WORK REQUEST: Copy out exactly the lines spanning the line with "GAYA Notice Board" to the line with "Paris 4th - In", inclusive, from the data underneath, with no pictures.

Stored entries:
-----

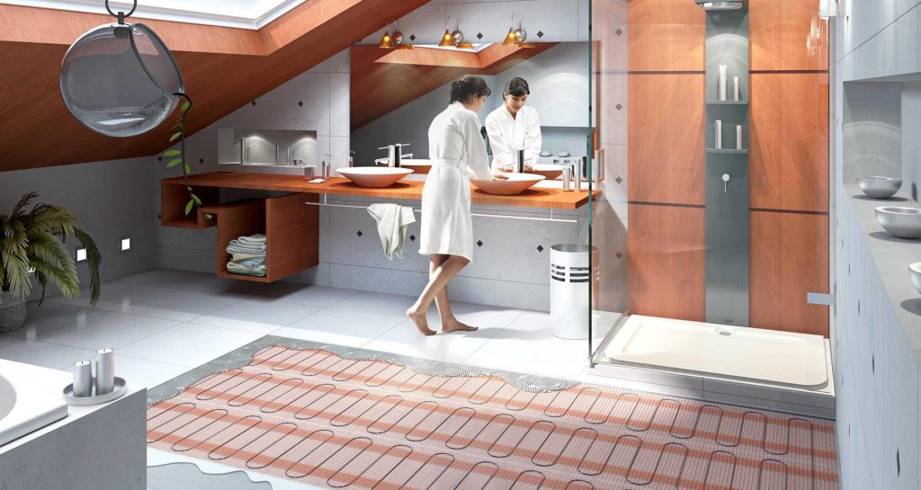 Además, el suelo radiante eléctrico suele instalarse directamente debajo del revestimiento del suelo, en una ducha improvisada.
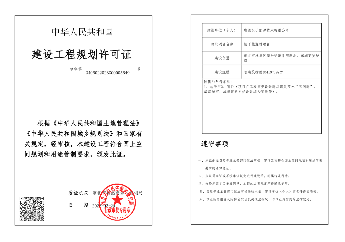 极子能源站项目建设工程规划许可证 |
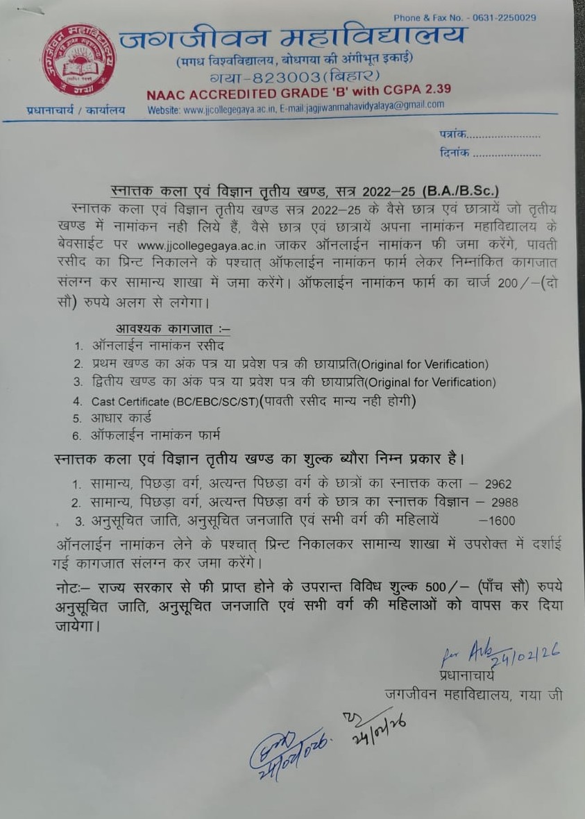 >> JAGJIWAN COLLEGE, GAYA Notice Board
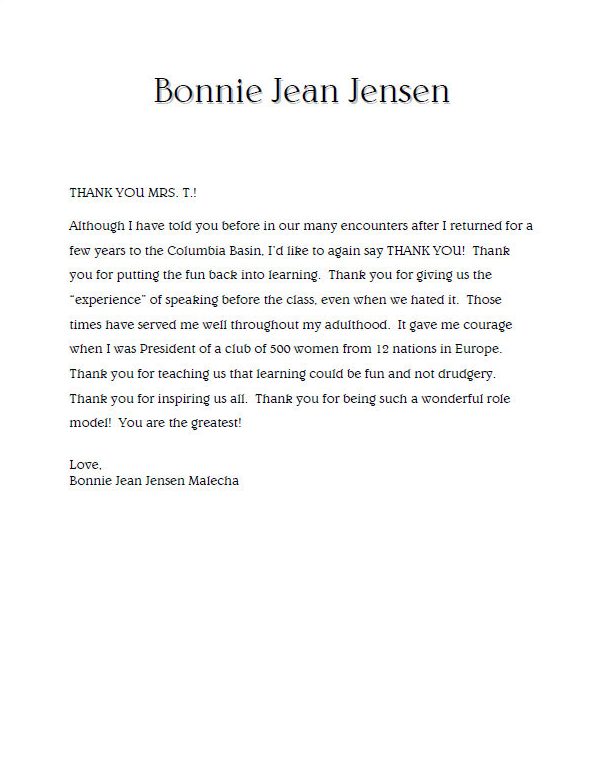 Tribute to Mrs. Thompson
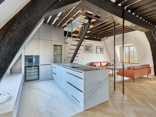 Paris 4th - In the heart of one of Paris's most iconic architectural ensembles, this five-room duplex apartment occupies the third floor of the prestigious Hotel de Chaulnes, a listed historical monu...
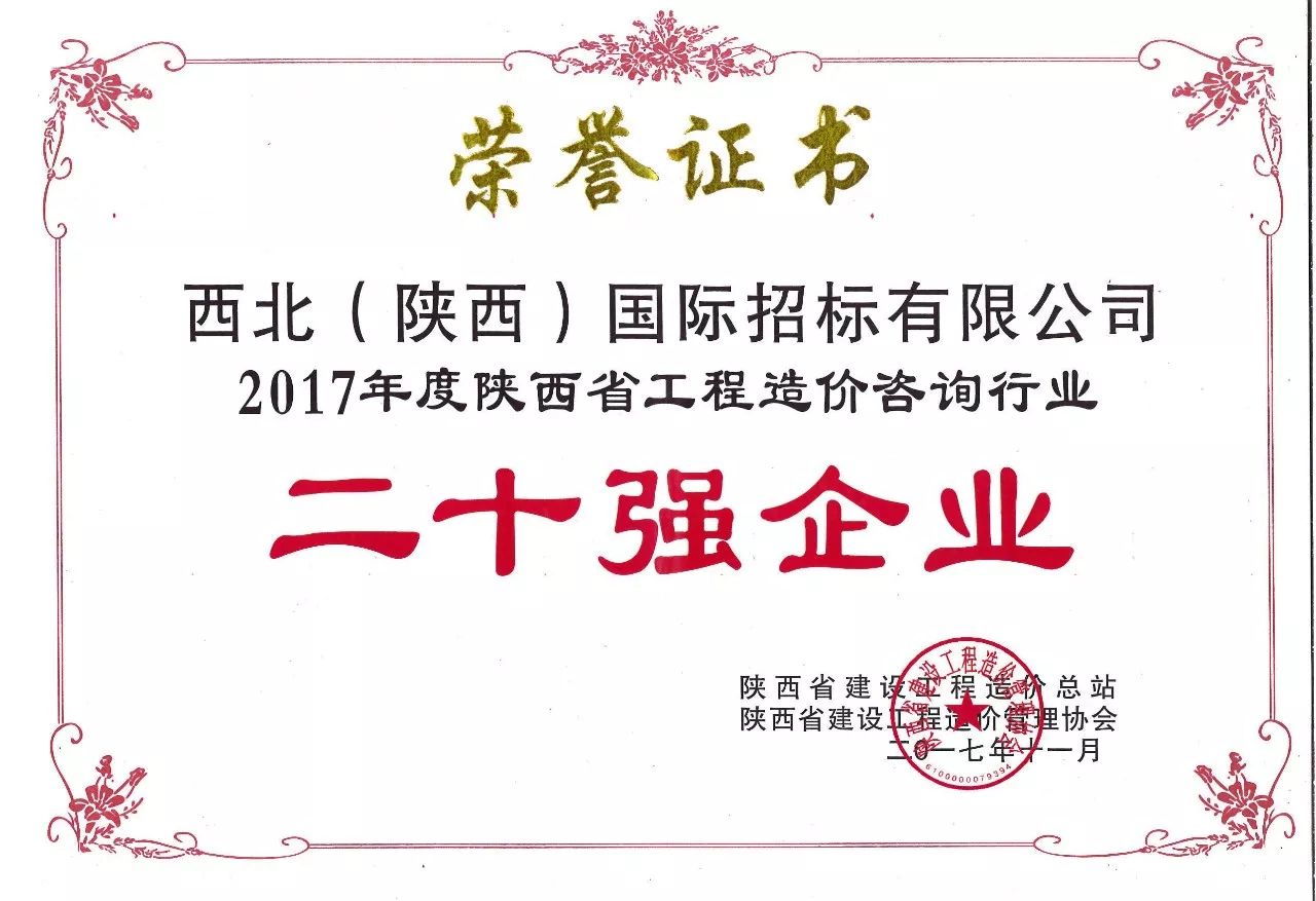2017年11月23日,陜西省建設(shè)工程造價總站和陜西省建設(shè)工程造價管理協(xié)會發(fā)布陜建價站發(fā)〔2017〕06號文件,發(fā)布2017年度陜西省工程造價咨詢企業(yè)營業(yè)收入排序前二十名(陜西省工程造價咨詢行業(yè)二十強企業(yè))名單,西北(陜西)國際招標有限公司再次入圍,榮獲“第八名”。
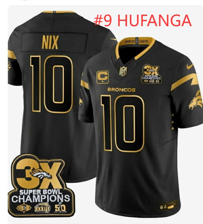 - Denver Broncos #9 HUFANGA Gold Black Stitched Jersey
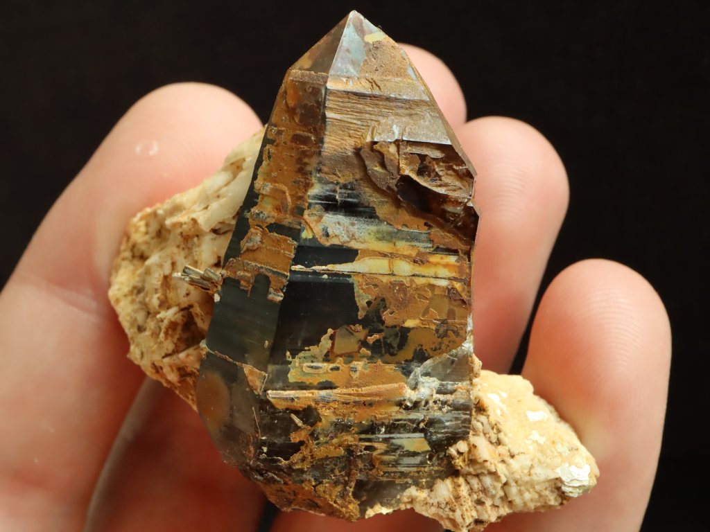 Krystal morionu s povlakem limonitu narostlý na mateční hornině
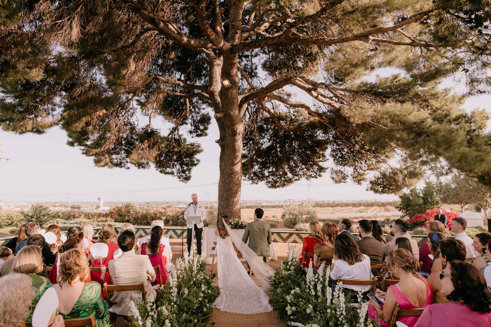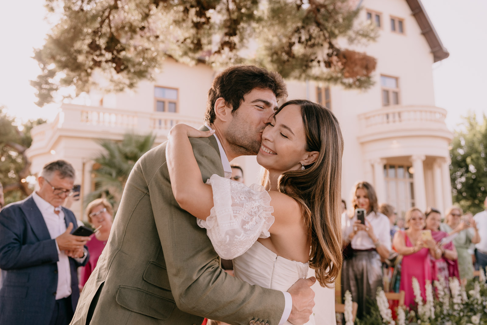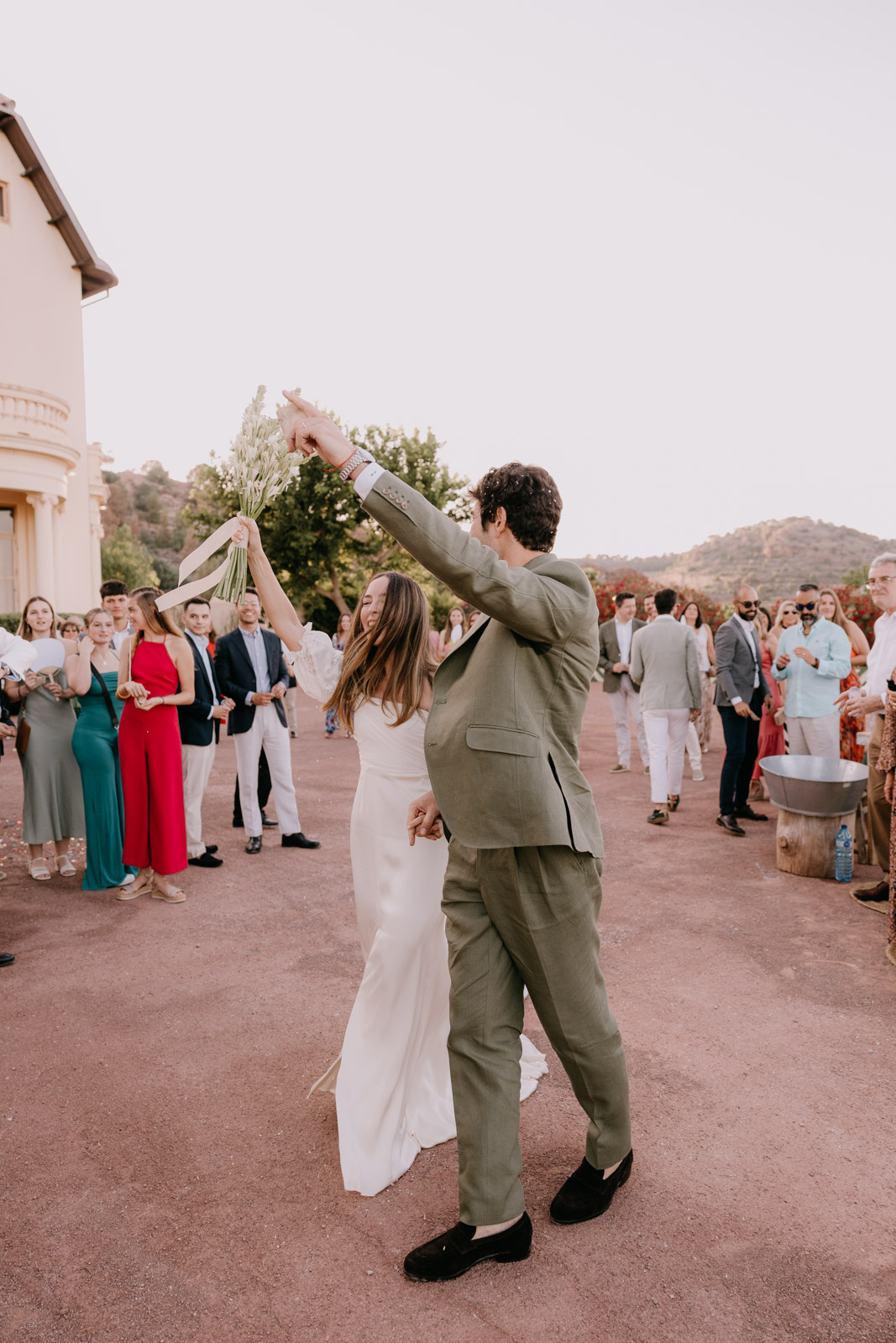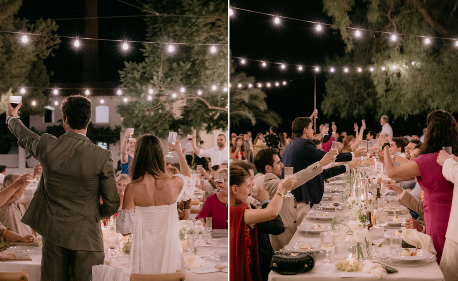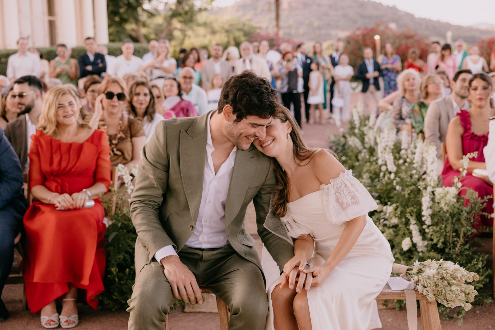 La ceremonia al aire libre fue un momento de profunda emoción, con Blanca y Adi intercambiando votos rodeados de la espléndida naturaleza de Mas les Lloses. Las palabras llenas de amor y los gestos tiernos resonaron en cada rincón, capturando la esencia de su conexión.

-----

SOLUTION TO THE PROBLEM:
 >> JAGJIWAN COLLEGE, GAYA Notice Board
 Tribute to Mrs. Thompson
 Paris 4th - In the heart of one of Paris's most iconic architectural ensembles, this five-room duplex apartment occupies the third floor of the prestigious Hotel de Chaulnes, a listed historical monu...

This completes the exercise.